Some TVs need a decent voltage to run, and if the wiring run to the socket is long and/or thin, it possibly won't get enough voltage.


----------



## 88993 (May 11, 2005)

Thanks for the quick response.
The voltage is measured at the sockets and I've tried a different plug/lead and a different socket on the leisure side, with the same results.
If it does decide start then it works perfectly.


----------



## DABurleigh (May 9, 2005)

The next step is to decide whether the problem is with your leisure battery or the wiring from it to the socket. The easiest way of doing this is to try running it direct at the leisure battery, removing it for convenience if necessary.

Dave


----------



## 93330 (May 1, 2005)

*TV Problem*

Are you absolutely sure the habitation supply POSITIVE is actually positive ?

Regards Terry


----------



## 93330 (May 1, 2005)

Just another thought, I wonder if you are using an extension lead with a two pin plug top to two cigar lighter sockets ,or two pin plug top to three cigar lighter sockets ? 

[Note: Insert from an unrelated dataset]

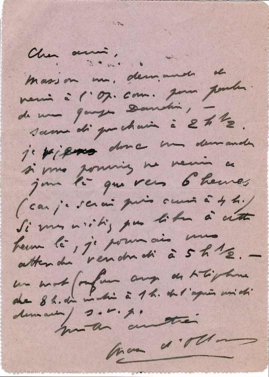 Lettre autographe signéeLettre autographe signée, adressée à Georges Favre. Paris, 27 novembre 1929 ; 1 page in-12, adresse autographe timbrée. « Masson me demande de venir à l’Op. Com. […] samedi prochain. […] Je viens donc vous demander si vous...

I have known these to make a clicking noise when either they have gone faulty or the electrical load has been too much.

Also you need to be very sure that the polarity is correct, if you have a meter best check out the polarity at the cigar lighter output to the TV.

Regards Terry


----------



## 88993 (May 11, 2005)

Thanks Dave and Terry
The polarity is correct and the tv is connected by a short lead direct to the wired in socket on the van. I will try a connection direct to the leisure battery next as Dave suggested to (hopefully) narrow down where the problem lurks.
Stay tuned- I will keep you informed!


----------



## Drew (May 30, 2005)

Hi Folks,

Either the wiring to the socket or the television lead is inadequate.

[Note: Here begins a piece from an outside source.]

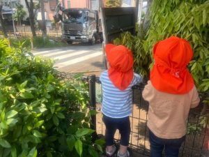第四公園では、近くの建設現場会社さんが見えるので働くくるま🚘を観察しています。
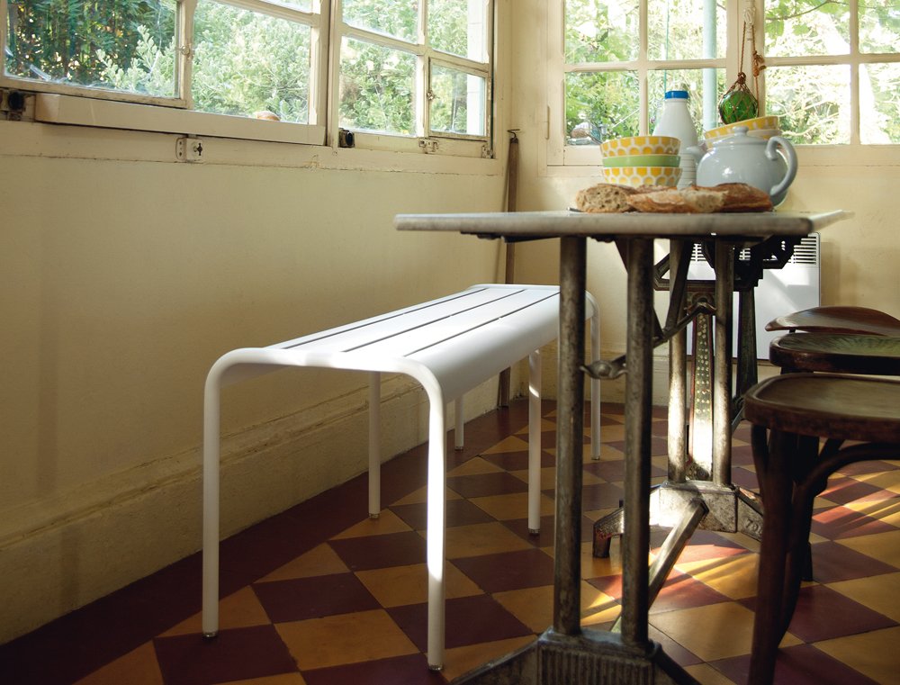 De rugloze aluminium Luxembourg bank is verkrijgbaar in de Fermob Shop bij Art Meets Design. Deze onderhoudsvriendelijke bank kan naast de Luxembourg tafels ook perfect worden gecombineerd met andere Fermob collecties. Verkrijgbaar in de vermelde Fermob kleuren.

The television is trying to draw more *current *than the cable will allow it to draw. I am almost certain that you will find it is the vehicle wiring.

Cheers

Drew


----------



## 88993 (May 11, 2005)

Problem solved!
Tried connecting direct to leisure battery with the same result, so it's not the wiring. Tried it again on the engine battery and once again fine, then on the leisure socket one more time and....nothing, not even the little red light this time. It had died on me  So a trip to my local maplin shop (50 mile round trip) I swapped for another TV and bingo! Problem solved. The new one starts each and every time, regardless of where it is plugged in, even when the leisure battery is quite low.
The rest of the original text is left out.